“Reversing the Process” (Puck, December 10, 1890)


“Reversing the Process” (Puck, December 10, 1890)
by Frederick Burr Opper (1857-1937)
10.25 x 15 in., ink on paper
Coppola Collection

Frederick Burr Opper is perhaps my favorite of the first generation of cartoonists. I like his loose style, and the obviousness of his ink strokes, and the way he depicts the common people of the day.

Here, two veteran actors meet on the street in New York. The cartoon features some great little details about theatre advertising behind the two actors.

Stormer states: “Hello, Coleday, shake hands, old boy; this is a surprise. I heard that your company was stranded in some town out West. How did you get back?”

To which Coleday replies: “Easy enough. I joined another company that was going East; and now I am stranded in New York.”

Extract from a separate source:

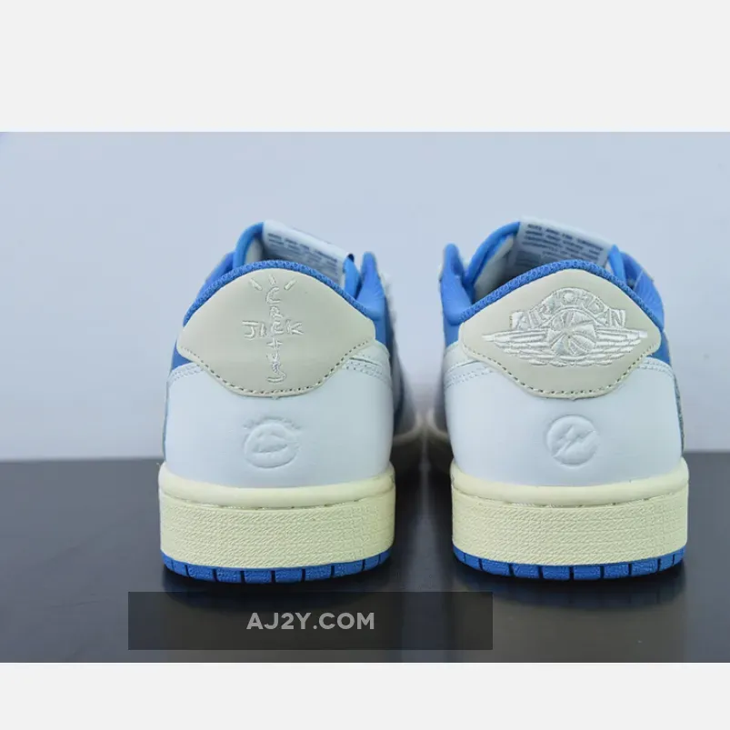 Fresh images of a pair of Travis Scott x Fragment Design Air Jordan 1 Low in a new “UNC Blue” colorway have just surfaced. The pictures show the collaborative sneaker in a Blue/White/Sail color scheme—with the titular blue shade featured on the suede upper and outsole, white on the leather overlays and Nike’s Sail color on the inverted Swoosh, heel tab and midsole.
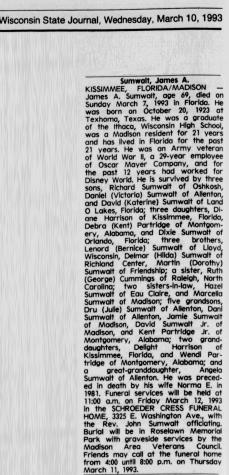 - James Allen Sumwalt+ b. 20 Oct 1923, d. 7 Mar 1993

Opper was the son of Austrian immigrants. At the age of fourteen, he began drawing cartoons for the Madison, Ohio Gazette. In 1877, at the age of 20, he accepted a position as staff artist with a magazine called Wild Oats. He spent several years at Wild Oats and also did freelance work with several other magazines and newspapers. Opper spent eighteen years working for Puck magazine, before being hired by Hearst, in 1899, to draw cartoon strips as a staff member of theNew York Evening Journal.

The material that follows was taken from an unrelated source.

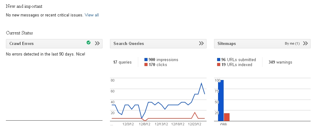 Good afternoon! Please help me to solve my problem! As I know in my Google Webmasters tools in sitemap the quantity of submitted URLs must be equal to the quantity of indexed URLs. But I have a different situation. As you can see on my printscreen there are 96 URLs submitted and 19 URLs indexed. I noticed that URLs indexed gradually reduce (there were 35 URLs indexed last month) in spite of constant adding of the new articles. My site is in the Russian language and another Russian Search engine – Yandex – indexes all my pages normally. There are more than 150 articles on my site. Maybe link of my site will help you to understand the problem better – intenglish.ru Site is on Joomla 2.5 CMS. Please help me to solve my problem. Thanks in advance!

Frederick Burr Opper was one of the United States’ leading cartoonists in the late 1800s and the early 1900s. He created memorable cartoon characters including “Alphonse and Gaston,” (1902) and “Maud, the Kicking Mule” (1904). “Happy Hooligan” (1900) was his best-known cartoon series. Opper continued to draw until 1932, age 72, when vision problems forced him to retire.